My research career began as an undergraduate at the University of Calgary in the lab of Dr. Ken Stevenson where I studied the halophilic archaebacterium Haloferax volcanii. Studying an organism from this ancient kingdom piqued my interest in the biochemical origins of life and the RNA World hypothesis, which postulates that life on Earth began with catalytic RNA or ribozymes. I then decided to pursue a PhD studying group II introns in the lab of Dr. Steven Zimmerly at the University of Calgary. Group II introns are self-splicing ribozymes that can excise themselves from pre-mRNAs. What I also found very intriguing about group II introns was that they could function as retroelements by associating with intron-encoded reverse transcriptases (RT) and invade DNA targets. My first graduate project involved studying the evolutionary relationship between group II intron RNA structures and their cognate RTs (1). In the course of this project, I discovered a novel class of group II introns called the IIC introns. Around the same time, Dr. Francois Michel also determined the unusual secondary structure of these introns (2). At ~450 nt in length, IIC introns were the smallest known autocatalytic group II introns. Furthermore, phylogenetic analysis of IIC RTs revealed them to be the most primitive (3). This led me to biochemically characterize a IIC intron from the halophilic eubacterium Bacillus halodurans (4). Currently, I am working as a postdoctoral fellow in the lab of Dr. Anna Marie Pyle at Yale University where I am using x-ray crystallography to gain insight into the structure and function of group II introns. We have just recently succeeded in determining the crystal structure of an intact group IIC intron from the halotolerant alkaliphile Oceanobacillus iheyensis (5). This structure provides the first view into the active site of a group II intron. In addition, the core of the group II intron and the spliceosome are conserved and this structure provides a biochemical rationale for this observation. This reinforces the notion that group II introns and the spliceosome share a common ancestor. Going forward, my continuing focus will be to study evolutionary relationships using a combination of phylogenetics, biochemistry, and structural biology.

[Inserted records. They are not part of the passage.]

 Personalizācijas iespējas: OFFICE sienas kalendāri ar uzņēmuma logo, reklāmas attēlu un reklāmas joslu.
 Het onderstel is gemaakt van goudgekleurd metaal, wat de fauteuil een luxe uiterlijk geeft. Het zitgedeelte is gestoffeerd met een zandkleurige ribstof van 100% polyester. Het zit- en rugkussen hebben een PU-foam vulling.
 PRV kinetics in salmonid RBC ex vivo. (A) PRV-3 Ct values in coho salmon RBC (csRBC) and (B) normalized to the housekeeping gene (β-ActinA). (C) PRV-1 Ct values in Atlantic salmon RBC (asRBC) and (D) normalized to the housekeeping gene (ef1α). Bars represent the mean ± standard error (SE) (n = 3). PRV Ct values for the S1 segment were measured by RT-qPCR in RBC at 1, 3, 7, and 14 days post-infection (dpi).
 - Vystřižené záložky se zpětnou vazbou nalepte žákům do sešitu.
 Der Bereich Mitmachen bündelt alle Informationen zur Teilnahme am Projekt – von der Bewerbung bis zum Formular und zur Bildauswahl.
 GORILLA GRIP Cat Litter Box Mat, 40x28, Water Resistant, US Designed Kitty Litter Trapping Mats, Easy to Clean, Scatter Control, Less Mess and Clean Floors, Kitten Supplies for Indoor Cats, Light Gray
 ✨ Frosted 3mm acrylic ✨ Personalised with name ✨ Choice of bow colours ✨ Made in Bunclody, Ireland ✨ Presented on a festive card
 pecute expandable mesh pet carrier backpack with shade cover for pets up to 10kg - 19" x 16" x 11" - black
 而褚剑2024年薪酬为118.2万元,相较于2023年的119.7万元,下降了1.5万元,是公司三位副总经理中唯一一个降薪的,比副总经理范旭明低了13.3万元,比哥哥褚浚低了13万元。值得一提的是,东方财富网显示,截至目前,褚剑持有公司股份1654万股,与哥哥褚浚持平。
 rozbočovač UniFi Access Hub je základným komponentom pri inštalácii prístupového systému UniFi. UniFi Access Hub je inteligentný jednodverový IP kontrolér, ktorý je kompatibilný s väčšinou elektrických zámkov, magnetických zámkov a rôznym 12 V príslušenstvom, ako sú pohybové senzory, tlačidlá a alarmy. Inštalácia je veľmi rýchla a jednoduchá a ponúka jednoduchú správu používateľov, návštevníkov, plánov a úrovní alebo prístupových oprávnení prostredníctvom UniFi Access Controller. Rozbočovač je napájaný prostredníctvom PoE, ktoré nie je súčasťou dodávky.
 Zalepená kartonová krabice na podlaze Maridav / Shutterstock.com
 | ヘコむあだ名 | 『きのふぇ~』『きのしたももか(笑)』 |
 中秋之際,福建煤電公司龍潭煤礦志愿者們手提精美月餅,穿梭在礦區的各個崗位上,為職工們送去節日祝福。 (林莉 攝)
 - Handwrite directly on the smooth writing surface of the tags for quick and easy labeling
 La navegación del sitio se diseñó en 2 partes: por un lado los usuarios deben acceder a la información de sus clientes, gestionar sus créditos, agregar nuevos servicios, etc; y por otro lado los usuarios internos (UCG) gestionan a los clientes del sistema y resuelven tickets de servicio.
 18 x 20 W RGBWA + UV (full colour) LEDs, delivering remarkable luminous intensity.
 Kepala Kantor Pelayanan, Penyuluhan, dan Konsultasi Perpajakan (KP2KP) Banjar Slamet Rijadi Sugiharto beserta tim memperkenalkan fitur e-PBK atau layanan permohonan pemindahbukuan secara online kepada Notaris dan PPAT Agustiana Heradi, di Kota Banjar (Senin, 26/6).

1. Toor N, Hausner G, Zimmerly S. Coevolution of group II intron RNA structures with their intron-encoded reverse transcriptases. RNA. 2001 Aug;7(8):1142-52.
2. Granlund M, Michel F, Norgren M. Mutually exclusive distribution of IS1548 and GBSi1, an active group II intron identified in human isolates of group B streptococci. J Bacteriol. 2001 Apr;183(8):2560-9.
3. Rest JS, Mindell DP. Retroids in archaea: phylogeny and lateral origins. Mol Biol Evol. 2003 Jul;20(7):1134-42. Epub 2003 May 30.
4. Toor N, Robart AR, Christianson J, Zimmerly S. Self-splicing of a group IIC intron: 5' exon recognition and alternative 5'splicing events implicate the stem-loop motif of a transcriptional terminator. Nucleic Acids Res. 2006;34(22):6461-71. Epub 2006 Nov 27.
5. Toor N, Keating KS, Taylor SD, Pyle AM. Crystal structure of a self-spliced group II intron. Science. 2008 Apr 4;320(5872):77-82.